Confidence intervals¶
GADMA contains special scripts for Confidence Intervals evaluation. To get CI one will need correctly bootstrapped data. If SNP’s that were used for AFS are unlinked, then usual bootstrap over them should be performed. However, if they are linked then block bootstrap should be used. It is done over the unlinked regions of genome.
When bootstrapped data is ready, one should run two scripts gadma-run_ls_on_boot_data
and gadma-get_confidence_intervals
in order to get CI. One can find example here.
Run local search on bootstrapped data¶
First script gadma-run_ls_on_boot_data
runs local search from known optimum for initial AFS (the one that GADMA found) for each AFS from bootstrap. The usage is following:
$ gadma-run_ls_on_boot_data --help
usage: GADMA module for runs of local search on bootstrapped data.

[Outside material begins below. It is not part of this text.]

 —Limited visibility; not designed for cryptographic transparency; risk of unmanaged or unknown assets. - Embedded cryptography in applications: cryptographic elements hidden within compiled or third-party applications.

Is needed for calculating confidence intervals.
[-h] -b <dir> -d <filename> -o <dir> [-j N]
[--opt log/powell] [-p <filename>]
optional arguments:
-h, --help show this help message and exit
-b <dir>, --boots <dir>
Directory where bootstrapped data is
located.
-d <filename>, --dem_model <filename>
File with demographic model. Should
contain `model_func` or `generated_model`
function. One can put there several extra
parameters and they will be taken
automatically, otherwise one will need to
enter them manually. Such parameters are:
1) p0 (or popt) - initial parameters values
2) lower_bound - list of lower bounds for
parameters values
4) upper_bound - list of upper bounds for
parameters values
5) par_labels/param_labels - list of
string names for parameters
6) pts - pts for dadi (if there is no pts
then moments will be run automatically).
-o <dir>, --output <dir>
Output directory.
-j N, --jobs N Number of threads for parallel run.

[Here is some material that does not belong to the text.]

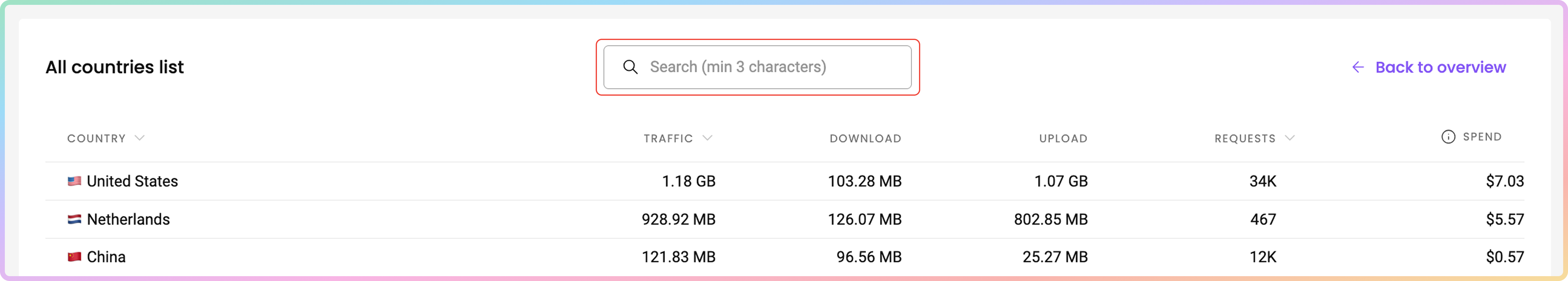 In the Top countries table, you can see the countries you have targeted with the proxies, sorted by total traffic consumption in descending order.

--opt log/powell Local search algorithm, by now it can be:
1) `log` - Inference.optimize_log
2) `powell` - Inference.optimize_powell.
-p <filename>, --params <filename>
Filename with parameters, should be valid
python file.
Parameters are presented in -d/--dem_model
option description upper.
After the run, there will be pandas table in output directory with two different extensions - result_table.pkl
and result_table.csv
. It contains parameters for each bootstrap. At this point of time it is possible to change its units and add new parameters with additional manipulations in Python and then run gadma-get_confidence_intervals
to get CI.
Get Confidence Intervals from table¶
After the gadma-run_ls_on_boot_data
the result table will be in output directory. One can change its columns due to what parameters should be used for CI. For example, it is possible to translate units from genetic and add such parameter as size of ancestral population (N_A). To do it user should write script.
To calculate confidence intervals:
$ gadma-get_confidence_intervals --help
usage: GADMA module for calculating confidence
intervals from the result table of local
search runs on bootstrapped data.
[-h] [--log] [--tex] [--acc N] <filename>
positional arguments:
<filename> Filename (.csv or .pkl) with result from
local search runs on bootstrapped data.
Output of gadma-run_ls_on_boot_data.
optional arguments:
-h, --help show this help message and exit
--log If log then logarithm will be used to
calculate confidence intervals.
--tex Tex output.
--acc N Accuracy of output (dafault: 5).